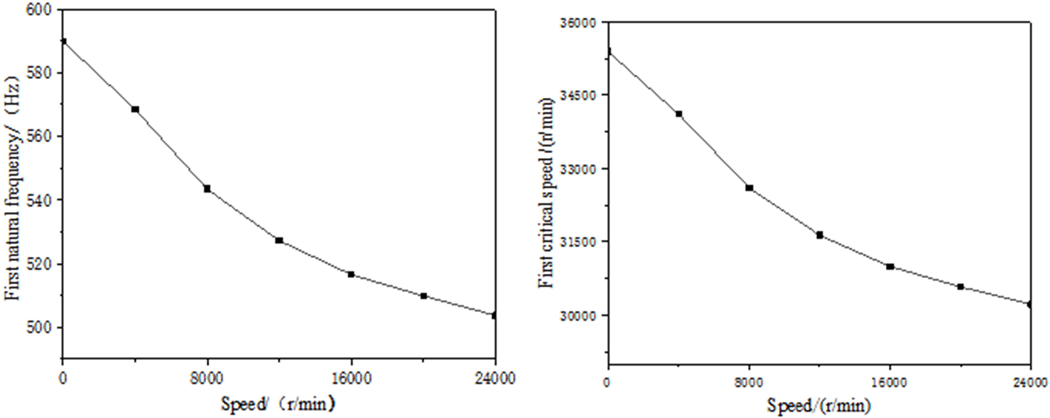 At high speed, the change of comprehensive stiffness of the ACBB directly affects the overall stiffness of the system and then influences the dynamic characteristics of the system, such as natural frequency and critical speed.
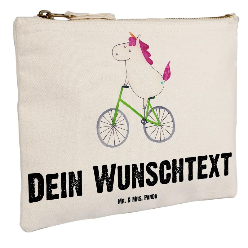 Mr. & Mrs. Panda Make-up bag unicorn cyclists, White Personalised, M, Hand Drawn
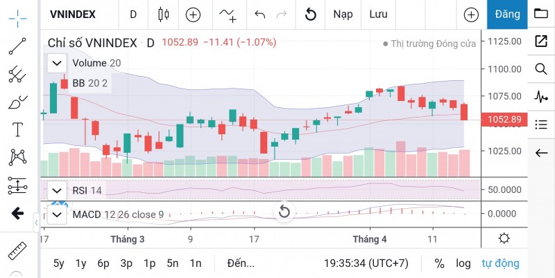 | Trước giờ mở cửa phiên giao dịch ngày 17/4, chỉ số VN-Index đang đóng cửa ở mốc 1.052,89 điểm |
---
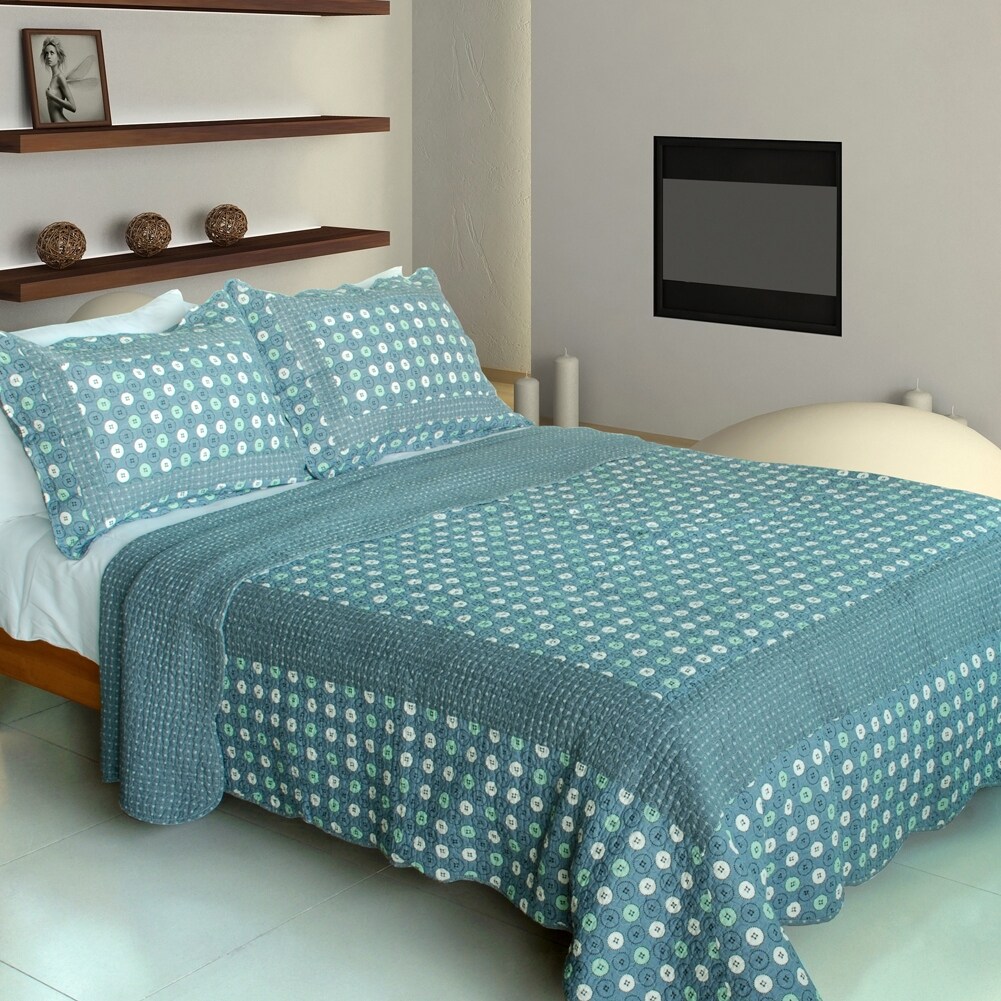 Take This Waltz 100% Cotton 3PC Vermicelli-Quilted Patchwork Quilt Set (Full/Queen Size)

| WORK TO COMPLETE |
In the listing above, find the line with "Mr. & Mrs. Panda" and the line with "1.052,89 điểm |". Copy both of them and every line between, exactly, but not the pictures.

| TASK RESPONSE |
 Mr. & Mrs. Panda Make-up bag unicorn cyclists, White Personalised, M, Hand Drawn
 | Trước giờ mở cửa phiên giao dịch ngày 17/4, chỉ số VN-Index đang đóng cửa ở mốc 1.052,89 điểm |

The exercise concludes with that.